# [Goal of the exercise]
The needed output is the run of lines below from the one containing "Tanggamus (Medinas_News) —" through the one containing "圖1比較了5種電池在安全性、", copied exactly and free of pictures.

Start of Data extract

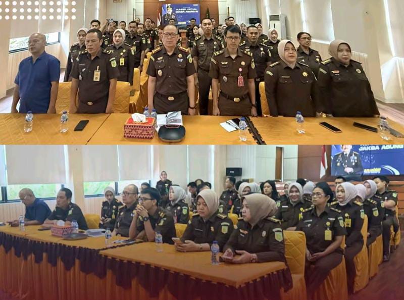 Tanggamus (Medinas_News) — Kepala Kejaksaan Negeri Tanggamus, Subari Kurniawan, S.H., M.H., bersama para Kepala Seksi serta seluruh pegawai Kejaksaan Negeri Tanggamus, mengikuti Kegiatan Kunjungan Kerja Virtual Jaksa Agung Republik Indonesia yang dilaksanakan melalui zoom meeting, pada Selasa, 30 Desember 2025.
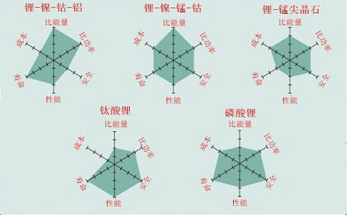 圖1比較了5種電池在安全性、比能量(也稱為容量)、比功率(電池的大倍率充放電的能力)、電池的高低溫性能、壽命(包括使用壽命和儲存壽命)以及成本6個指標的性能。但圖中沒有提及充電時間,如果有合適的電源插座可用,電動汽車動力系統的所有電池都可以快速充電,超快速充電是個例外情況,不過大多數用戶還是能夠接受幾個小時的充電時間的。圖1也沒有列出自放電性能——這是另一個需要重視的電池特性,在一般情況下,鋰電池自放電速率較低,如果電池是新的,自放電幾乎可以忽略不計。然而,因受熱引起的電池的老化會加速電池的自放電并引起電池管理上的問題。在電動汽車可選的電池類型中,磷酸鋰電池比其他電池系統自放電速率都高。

End of Data extract
Start of Data extract

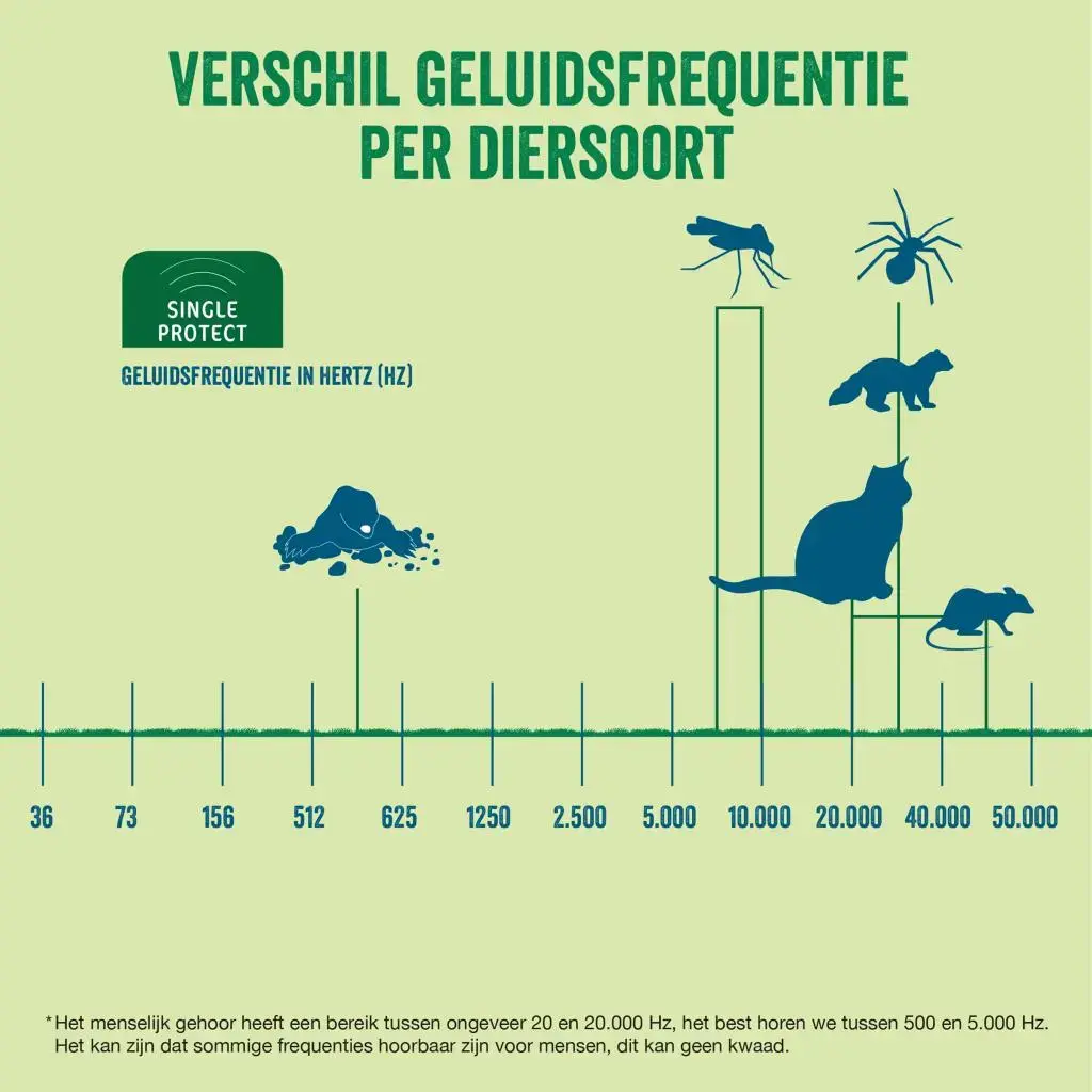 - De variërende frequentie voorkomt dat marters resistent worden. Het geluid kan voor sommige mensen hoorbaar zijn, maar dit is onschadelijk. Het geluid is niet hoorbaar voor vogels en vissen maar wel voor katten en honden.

End of Data extract

# [Result of this task]
 Tanggamus (Medinas_News) — Kepala Kejaksaan Negeri Tanggamus, Subari Kurniawan, S.H., M.H., bersama para Kepala Seksi serta seluruh pegawai Kejaksaan Negeri Tanggamus, mengikuti Kegiatan Kunjungan Kerja Virtual Jaksa Agung Republik Indonesia yang dilaksanakan melalui zoom meeting, pada Selasa, 30 Desember 2025.
 圖1比較了5種電池在安全性、比能量(也稱為容量)、比功率(電池的大倍率充放電的能力)、電池的高低溫性能、壽命(包括使用壽命和儲存壽命)以及成本6個指標的性能。但圖中沒有提及充電時間,如果有合適的電源插座可用,電動汽車動力系統的所有電池都可以快速充電,超快速充電是個例外情況,不過大多數用戶還是能夠接受幾個小時的充電時間的。圖1也沒有列出自放電性能——這是另一個需要重視的電池特性,在一般情況下,鋰電池自放電速率較低,如果電池是新的,自放電幾乎可以忽略不計。然而,因受熱引起的電池的老化會加速電池的自放電并引起電池管理上的問題。在電動汽車可選的電池類型中,磷酸鋰電池比其他電池系統自放電速率都高。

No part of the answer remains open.